_AVAILABLE DATA_:
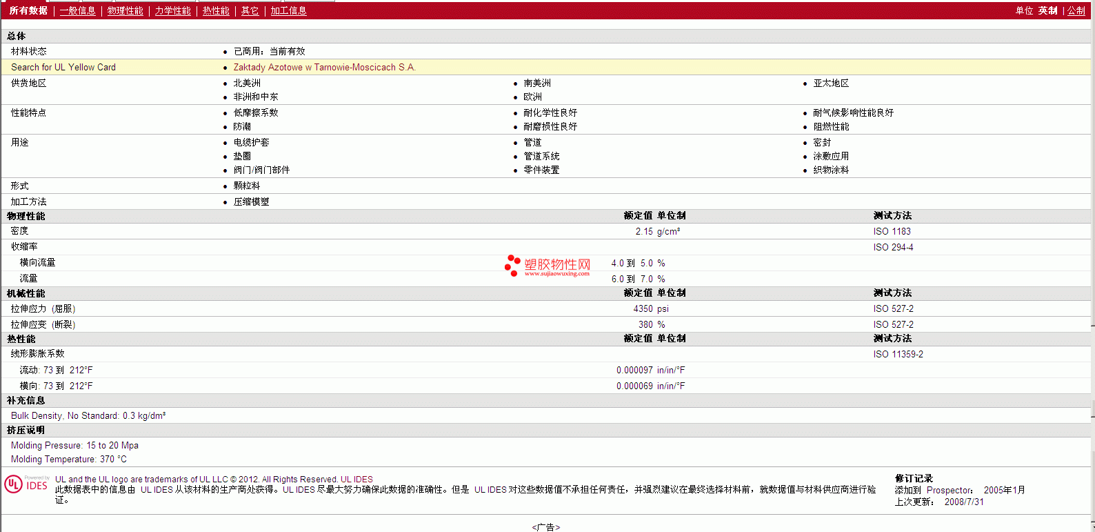 更多Tarflen PTFE SM1 物性表报价,图片、材质证明、UL黄卡、物质安全资料表(MSDS)等可来电咨询赵先生:13424755533或QQ: 27660005
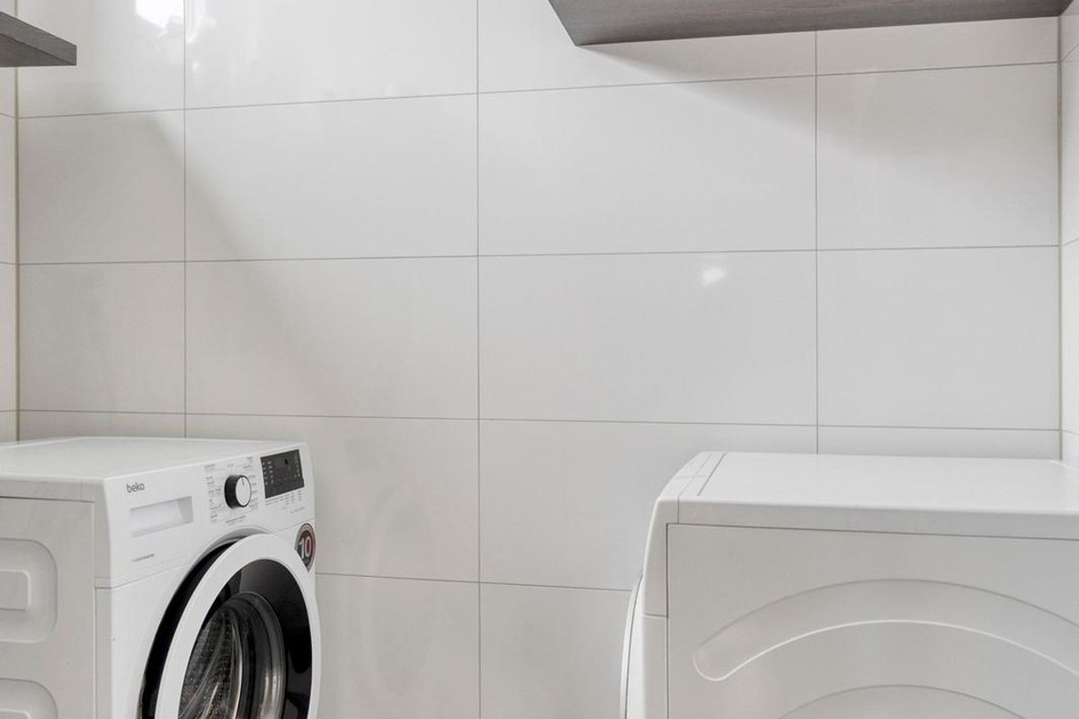 Aan de achterzijde bevindt zich de master bedroom, uitgerust met tv-aansluiting. Aan de voorzijde ligt een tweede slaapkamer, uitgerust met een tv-aansluiting, en daarnaast bevindt zich een aparte, praktische wasruimte met aansluitingen voor wasmachine en droger, bereikbaar vanuit de overloop.
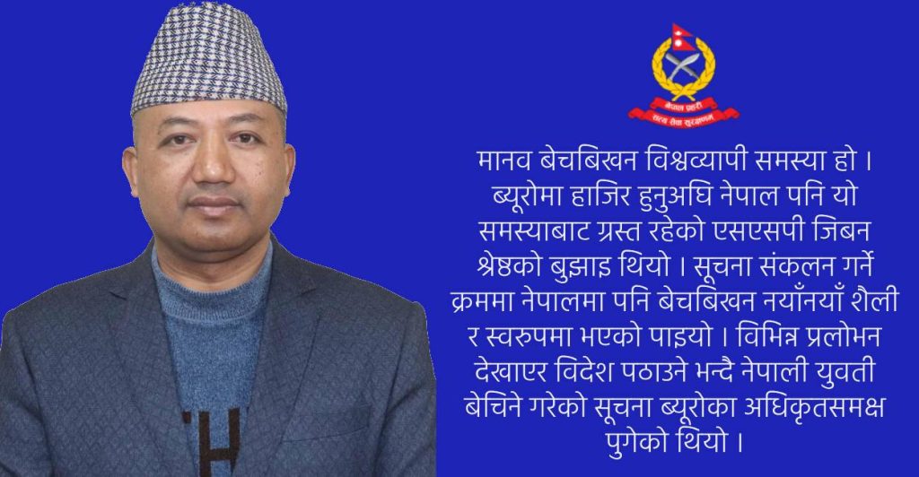 मानव बेचबिखन विश्वव्यापी समस्या हो । ब्यूरोमा हाजिर हुनुअघि नेपाल पनि यो समस्याबाट ग्रस्त रहेको एसएसपी श्रेष्ठको बुझाइ थियो । सूचना संकलन गर्ने क्रममा नेपालमा पनि बेचबिखन नयाँनयाँ शैली र स्वरुपमा भएको पाइयो ।
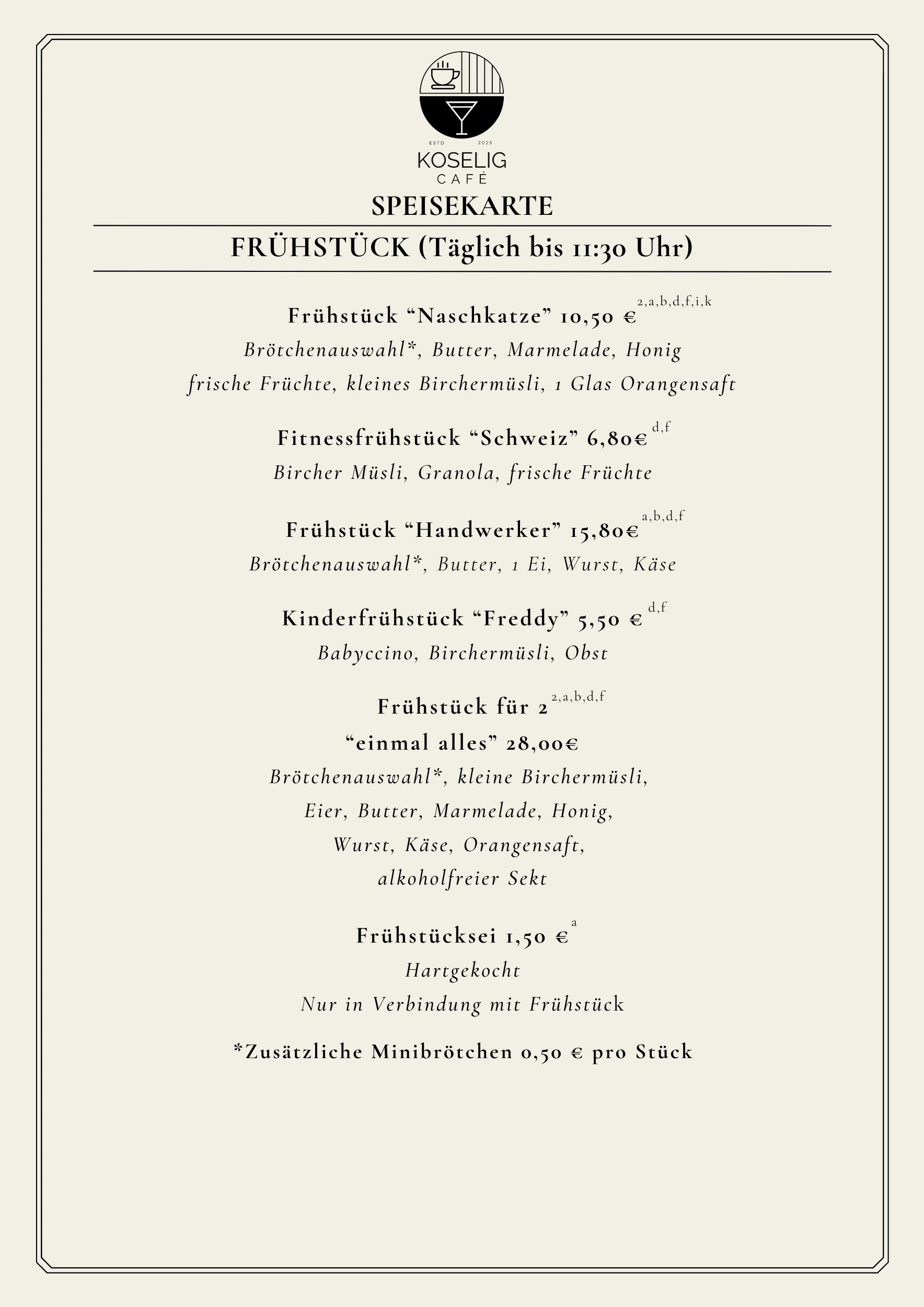 Unser Frühstück servieren wir täglich bis 11:30 Uhr.
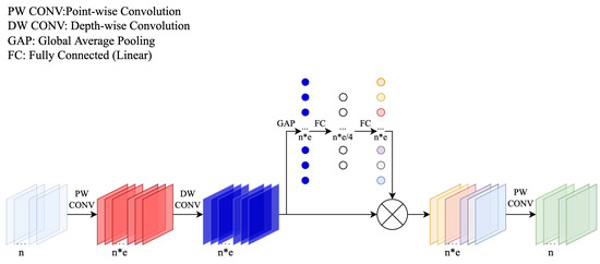 DSCONV has the advantage of low computational complexity, but low accuracy performance can be observed when a small channel number is set. Recently, research on efficient networks has shown the EfficientNet version MBCONV has strong feature extraction and generalization capability [22,24]. To achieve better performance, we replace DSCONV with the EfficientNet version MBCONV as the basic block of candidate operations. The architecture of the EfficientNet version MBCONV block is represented in Figure 5.
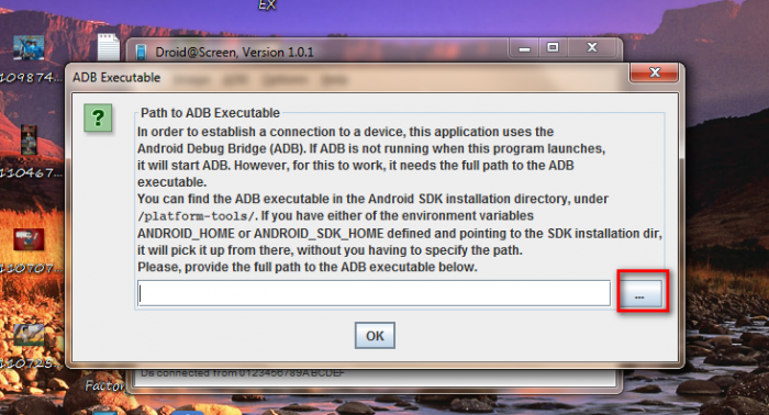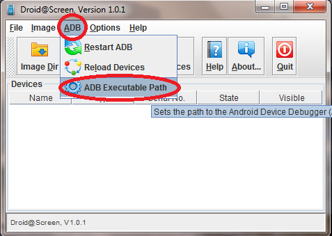 ধাপ ৩-প্রথমে droidATscreen টাকে রান করান। তারপর menu bar থেকে ADB তে ক্লিক করেন,এখন আপনি ৩ টি অপসান পাবেন এখানে আপনি একদম সেস অপসান ADB executable path এ ক্লিক করেন।
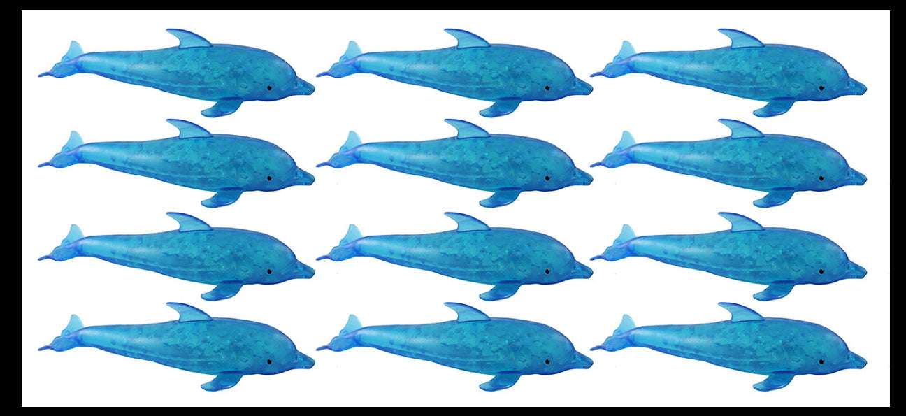 These little dolphins are a pliable squishy soothing sensory ball. Each sea creature is filled with a bunch of thick blue water bead gel balls inside its elastic flexible skin. When you squeeze the dolphin the jelly beads push out and around making the ball bulge. It is very soothing to feel the little gel beads, and it also makes a soft swishing sound to add to the sensory experience.
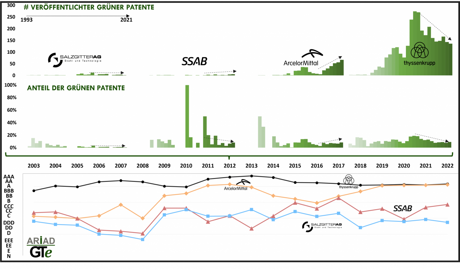 Das dargestellte Beispiel zeigt gut, wie sich ein Rating ergibt: So können besonders gute Ratings (z.B. AA, bzw. ein Score von >8) erreicht werden durch eine hohe Anzahl an grünen Patenten im Vergleich zum Universum (ThyssenKrupp), oder durch eine sehr starke positive Dynamik und ein hoher Grad an Spezialisierung auf nachhaltige Technologien (ArcelorMittal).
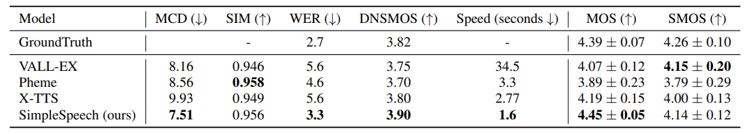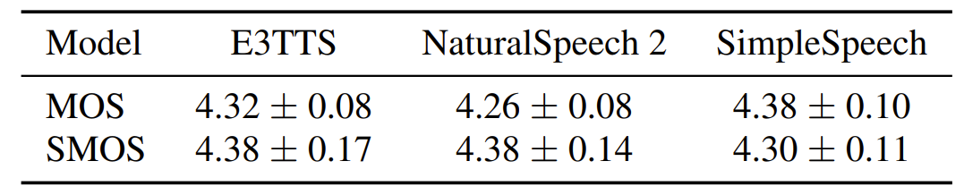 - 기존 TTS 모델과 비교하여 SimpleSpeech는 가장 우수한 성능을 달성함
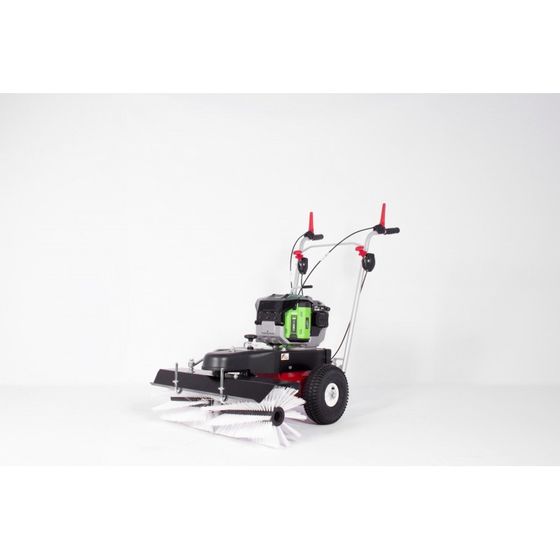 Balayeuse Limpar 81 EGO avec largeur de travail 80 cm, brosse poly 10 rangées, 3 vitesses, roue libre 360°, compatibilité EGO 56V et accessoires en option. Idéale pour les surfaces extérieures moyennes.

_DESCRIPTION OF THE TASK_:
Excluding images, return all of the records above word for word.

_RESPONSE BOX_:
 更多Tarflen PTFE SM1 物性表报价,图片、材质证明、UL黄卡、物质安全资料表(MSDS)等可来电咨询赵先生:13424755533或QQ: 27660005
 Aan de achterzijde bevindt zich de master bedroom, uitgerust met tv-aansluiting. Aan de voorzijde ligt een tweede slaapkamer, uitgerust met een tv-aansluiting, en daarnaast bevindt zich een aparte, praktische wasruimte met aansluitingen voor wasmachine en droger, bereikbaar vanuit de overloop.
 मानव बेचबिखन विश्वव्यापी समस्या हो । ब्यूरोमा हाजिर हुनुअघि नेपाल पनि यो समस्याबाट ग्रस्त रहेको एसएसपी श्रेष्ठको बुझाइ थियो । सूचना संकलन गर्ने क्रममा नेपालमा पनि बेचबिखन नयाँनयाँ शैली र स्वरुपमा भएको पाइयो ।
 Unser Frühstück servieren wir täglich bis 11:30 Uhr.
 DSCONV has the advantage of low computational complexity, but low accuracy performance can be observed when a small channel number is set. Recently, research on efficient networks has shown the EfficientNet version MBCONV has strong feature extraction and generalization capability [22,24]. To achieve better performance, we replace DSCONV with the EfficientNet version MBCONV as the basic block of candidate operations. The architecture of the EfficientNet version MBCONV block is represented in Figure 5.
 ধাপ ৩-প্রথমে droidATscreen টাকে রান করান। তারপর menu bar থেকে ADB তে ক্লিক করেন,এখন আপনি ৩ টি অপসান পাবেন এখানে আপনি একদম সেস অপসান ADB executable path এ ক্লিক করেন।
 These little dolphins are a pliable squishy soothing sensory ball. Each sea creature is filled with a bunch of thick blue water bead gel balls inside its elastic flexible skin. When you squeeze the dolphin the jelly beads push out and around making the ball bulge. It is very soothing to feel the little gel beads, and it also makes a soft swishing sound to add to the sensory experience.
 Das dargestellte Beispiel zeigt gut, wie sich ein Rating ergibt: So können besonders gute Ratings (z.B. AA, bzw. ein Score von >8) erreicht werden durch eine hohe Anzahl an grünen Patenten im Vergleich zum Universum (ThyssenKrupp), oder durch eine sehr starke positive Dynamik und ein hoher Grad an Spezialisierung auf nachhaltige Technologien (ArcelorMittal).
 - 기존 TTS 모델과 비교하여 SimpleSpeech는 가장 우수한 성능을 달성함
 Balayeuse Limpar 81 EGO avec largeur de travail 80 cm, brosse poly 10 rangées, 3 vitesses, roue libre 360°, compatibilité EGO 56V et accessoires en option. Idéale pour les surfaces extérieures moyennes.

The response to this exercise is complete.